■ Requirement ■
All of the data should be output character for character, except the pictures.

■ Collected material ■
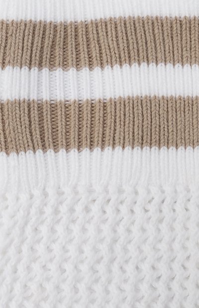 Для создания гольфов в рельефную полоску выбрали кашемировую пряжу с добавлением полиэстера. Модель оттенка Anthracite дополнили широкой эластичной манжетой в мелкий рубчик.
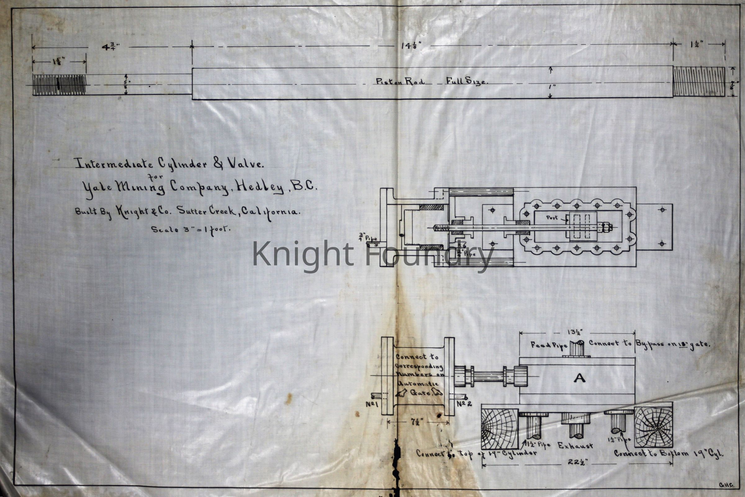 A drawing of an intermediate cylinder and valve produced for the Yale Mining Company in Hedley, British Columbia. Text on the drawing shows it was built by Knight and Company.Collection
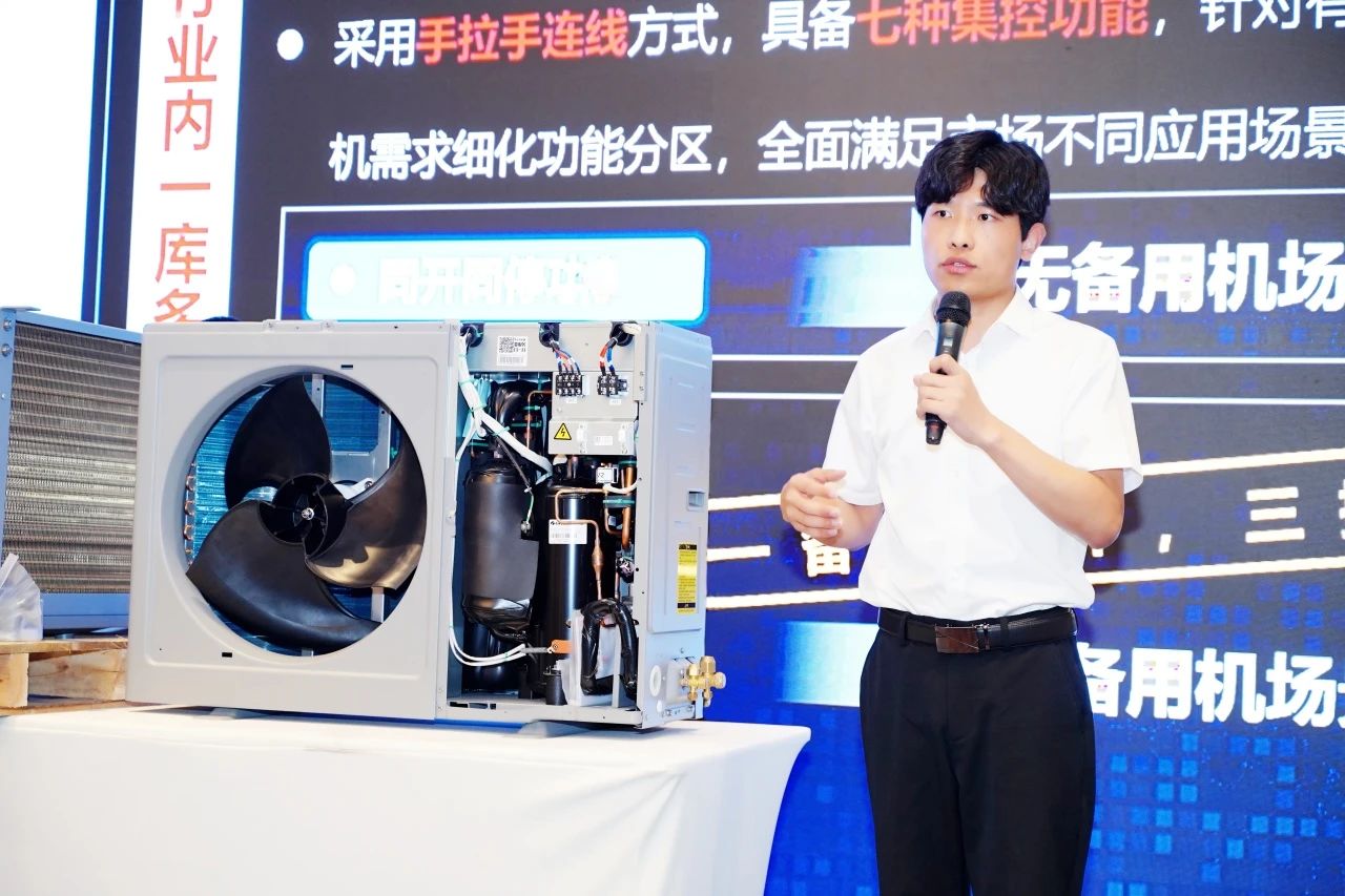 以格力自主研發(fā)的集成式智能熱氟融霜冷暖機(jī)組為例,該產(chǎn)品針對(duì)傳統(tǒng)電加熱化霜機(jī)組化霜時(shí)間長(zhǎng)、耗電量高、庫(kù)溫波動(dòng)大等問(wèn)題,創(chuàng)新研發(fā)智能熱氟融霜技術(shù),采用內(nèi)外機(jī)成套化設(shè)計(jì),實(shí)現(xiàn)了化霜效率大幅提高、智能控制更加精準(zhǔn)、運(yùn)行更加穩(wěn)定、節(jié)能環(huán)保更加顯著、安裝維護(hù)更加便捷等優(yōu)勢(shì)。針對(duì)不同行業(yè)、不同的應(yīng)用場(chǎng)景,格力憑借深厚的技術(shù)底蘊(yùn)和持續(xù)不斷的創(chuàng)新實(shí)踐,打造穩(wěn)定、綠色的定制化解決方案,解決現(xiàn)實(shí)商業(yè)活動(dòng)中對(duì)產(chǎn)品從儲(chǔ)存、運(yùn)輸?shù)搅闶鄣热滏湹碾y題。會(huì)上,珠海格力商用中央空調(diào)經(jīng)營(yíng)部產(chǎn)品工程師張?zhí)昧譃榇蠹以敿?xì)介紹了格力冷凍冷藏系統(tǒng)解決方案,并進(jìn)行了實(shí)機(jī)拆機(jī)展示。

■ Task response ■
 Для создания гольфов в рельефную полоску выбрали кашемировую пряжу с добавлением полиэстера. Модель оттенка Anthracite дополнили широкой эластичной манжетой в мелкий рубчик.
 A drawing of an intermediate cylinder and valve produced for the Yale Mining Company in Hedley, British Columbia. Text on the drawing shows it was built by Knight and Company.Collection
 以格力自主研發(fā)的集成式智能熱氟融霜冷暖機(jī)組為例,該產(chǎn)品針對(duì)傳統(tǒng)電加熱化霜機(jī)組化霜時(shí)間長(zhǎng)、耗電量高、庫(kù)溫波動(dòng)大等問(wèn)題,創(chuàng)新研發(fā)智能熱氟融霜技術(shù),采用內(nèi)外機(jī)成套化設(shè)計(jì),實(shí)現(xiàn)了化霜效率大幅提高、智能控制更加精準(zhǔn)、運(yùn)行更加穩(wěn)定、節(jié)能環(huán)保更加顯著、安裝維護(hù)更加便捷等優(yōu)勢(shì)。針對(duì)不同行業(yè)、不同的應(yīng)用場(chǎng)景,格力憑借深厚的技術(shù)底蘊(yùn)和持續(xù)不斷的創(chuàng)新實(shí)踐,打造穩(wěn)定、綠色的定制化解決方案,解決現(xiàn)實(shí)商業(yè)活動(dòng)中對(duì)產(chǎn)品從儲(chǔ)存、運(yùn)輸?shù)搅闶鄣热滏湹碾y題。會(huì)上,珠海格力商用中央空調(diào)經(jīng)營(yíng)部產(chǎn)品工程師張?zhí)昧譃榇蠹以敿?xì)介紹了格力冷凍冷藏系統(tǒng)解決方案,并進(jìn)行了實(shí)機(jī)拆機(jī)展示。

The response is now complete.